NY Times Corrects on BDS: It’s Not Merely Anti-Occupation

After corresponding with CAMERA staff, the New York Times corrected a story that had falsely characterized the BDS campaign as seeking only an Israeli withdrawal from the West Bank.

The Aug. 21 article had claimed BDS, an anti-Israel boycott, divest, and sanction campaign, “advocates cutting ties with Israel until it ends its occupation of the West Bank.”

BDS, which targets Israelis for boycott but has also taken aim at non-Israel Jews, seeks to impose a range of demands that, according both to proponents and opponents of the campaign, would lead to the destruction of Israel.

The New York Times correction, published in print on Aug. 29, removed the passage casting BDS as merely anti-occupation and replaced it with language that, though less precise, is more accurate:

An earlier version of this article referred incompletely to the Boycott, Divestment and Sanctions movement. It is an organization that promotes strong advocacy for Palestinian interests and hostility to the policies of the Israeli government.

The correction is an imperfect improvement. The paper has a long history of mischaracterizing BDS by downplaying its extreme goals and suggesting it seeks only to influence Israeli policy in the West Bank. For editors to now acknowledge BDS isn’t just an anti-occupation group is an important step, and will hopefully lead to more complete and informative descriptions of the campaign in the future. (That said, readers should have been informed that the campaign isn’t just hostile to the policies of this Israeli government, as the correction put it, but to the Jewish state’s very existence.)

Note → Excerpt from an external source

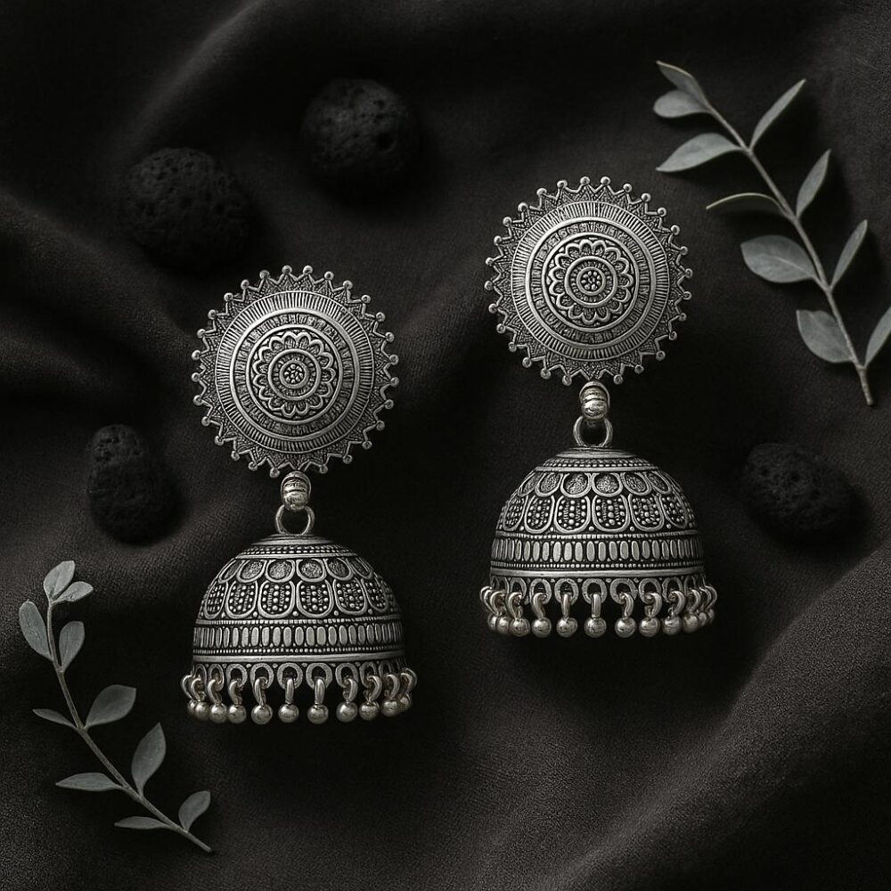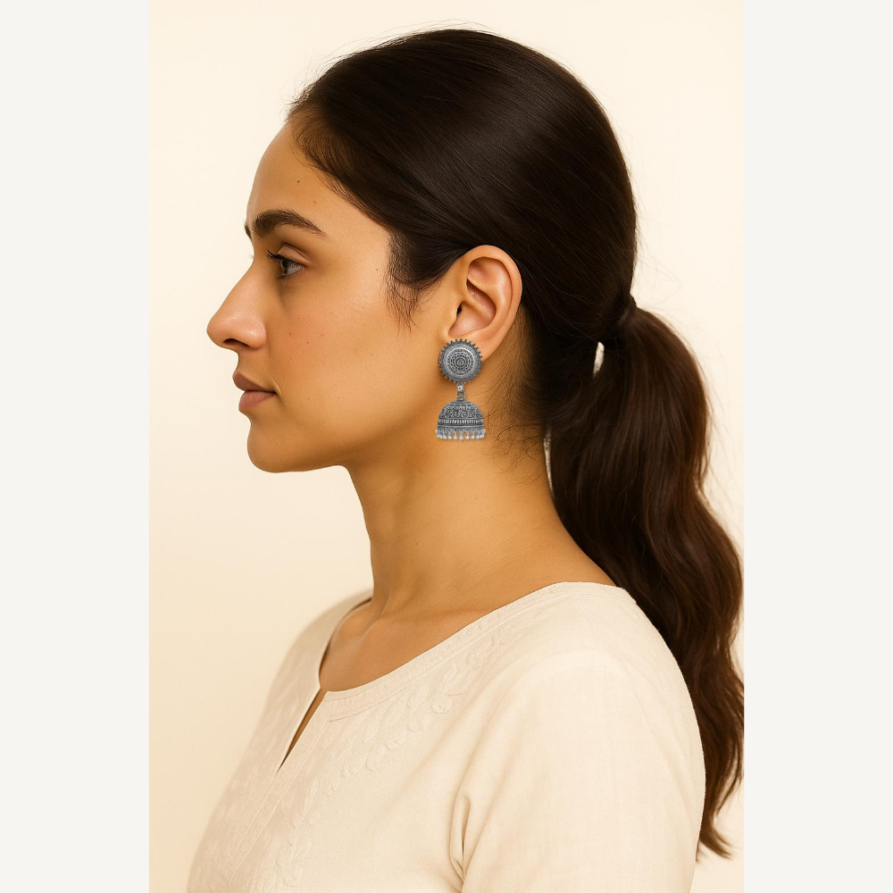 - Design & Style: Traditional dome jhumka in oxidised alloy.

BDS leaders have repeatedly made clear, and have even explained in the pages of the New York Times, that it’s not enough for Israel to “end its occupation of the West Bank.” To quote BDS co-founder Omar Barghouti’s rhetorical question-and-answer to himself, “If the occupation ends, let’s say, would that end your call for BDS? No it wouldn’t.” (The video was uploaded to Youtube on Feb. 24, 2010 but subsequently removed.)

BDS’s intent to continue targeting Israel even if Palestinians have their own state in the West Bank is underscored, too, in the BDS manifesto, and reiterated in a letter Barghouti wrote to the New York Times protesting the paper’s depiction of his campaign as being merely opposed to the occupation. That letter to the editor states in part:

Regarding your editorial opposing Israel’s latest anti-boycott law, the goal of the global Palestinian-led B.D.S. movement … is not only to end the ”occupation of the West Bank”

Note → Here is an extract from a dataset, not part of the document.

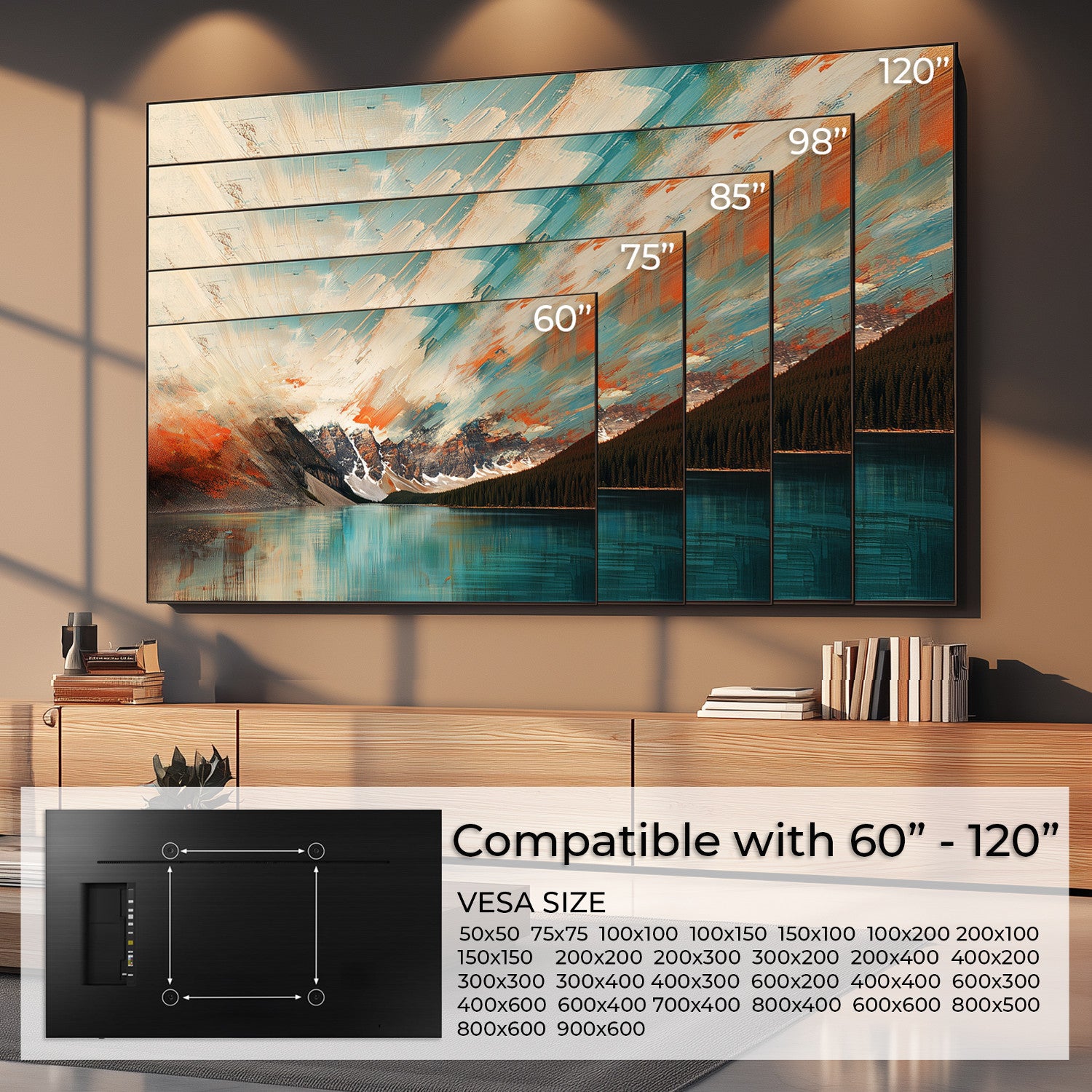 - Adecuado para televisores de 60" a 120" (o más grandes si el peso no supera los 120 kg y el estándar VESA es compatible con el soporte)
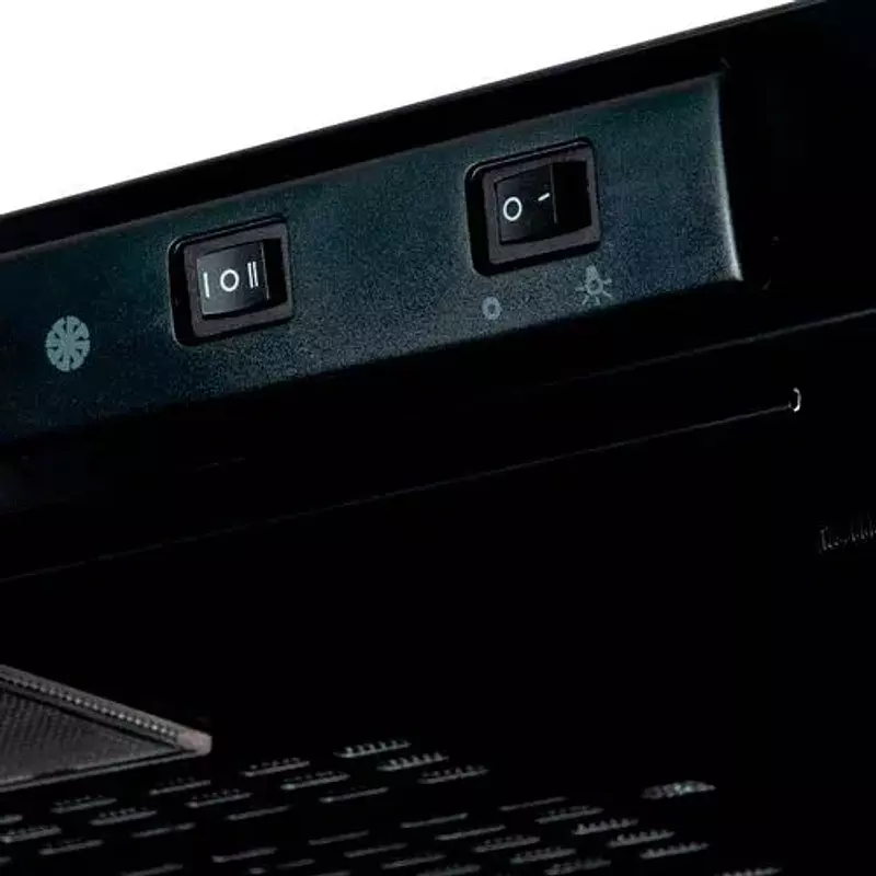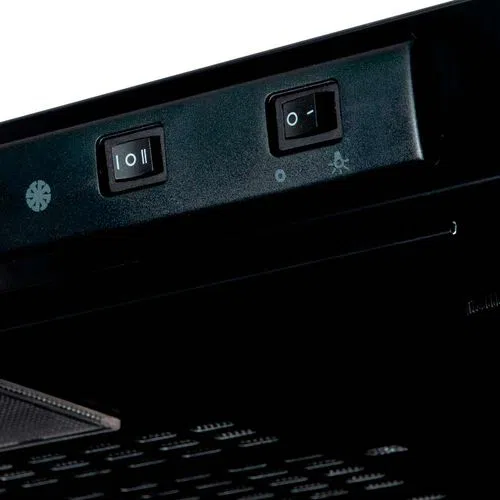 Campana negra de 60 cm de fácil limpieza, sistema de fácil acceso al interior de la campana para mantenimiento y limpieza.

… B.D.S. has consistently called for … [the] right of Palestinian refugees to return to lands from which they were forcibly displaced during Israel’s establishment in 1948.

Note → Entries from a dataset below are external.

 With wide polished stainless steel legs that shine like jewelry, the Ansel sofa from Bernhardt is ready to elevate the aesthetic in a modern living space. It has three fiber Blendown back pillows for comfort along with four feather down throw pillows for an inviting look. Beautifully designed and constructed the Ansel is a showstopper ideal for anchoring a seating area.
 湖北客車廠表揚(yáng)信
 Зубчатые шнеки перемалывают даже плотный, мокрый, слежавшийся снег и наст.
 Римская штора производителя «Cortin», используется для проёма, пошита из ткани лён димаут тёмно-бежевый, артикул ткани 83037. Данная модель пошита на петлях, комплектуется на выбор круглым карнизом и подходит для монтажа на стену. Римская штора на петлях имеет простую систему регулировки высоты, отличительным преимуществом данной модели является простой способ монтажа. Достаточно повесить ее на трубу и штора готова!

The “return” demand, which calls for the children and grandchildren of Palestinian refugees from the 1948 war against Israel to migrate en mass not to a future Palestinian state but to Israel, is broadly understood as a way to demographically eliminate the Jewish state. Don’t take it from Israel and the international community. BDS leaders are perfectly open about the consequence of their goal. As the same Omar Barghouti acknowledged, “a return for refugees would end Israel’s existence as a Jewish state.”

The BDS manifesto further demands that Israel dismantle all of its security barrier, which was built in response to a campaign of Palestinian suicide bombings targeting Jewish civilians.

So again: as the New York Times commendably acknowledged, BDS is not about “cutting ties with Israel until it ends its occupation,” and it’s wrong for any journalist to suggest as much. Reporters have an obligation, instead, to forthrightly explain BDS’s other demands — particularly the demand for a “return” of millions who have never set foot in Israel, which is meant to gerrymander into oblivion the Jewish voting block and eliminate Jewish self-determination.

This demand is central to BDS’s aims, and central to why the largest Jewish organizations, from the ADL to the AJC to the Conference of Presidents of Major American Jewish Organizations, have described BDS as antisemitic. 

Comments are closed.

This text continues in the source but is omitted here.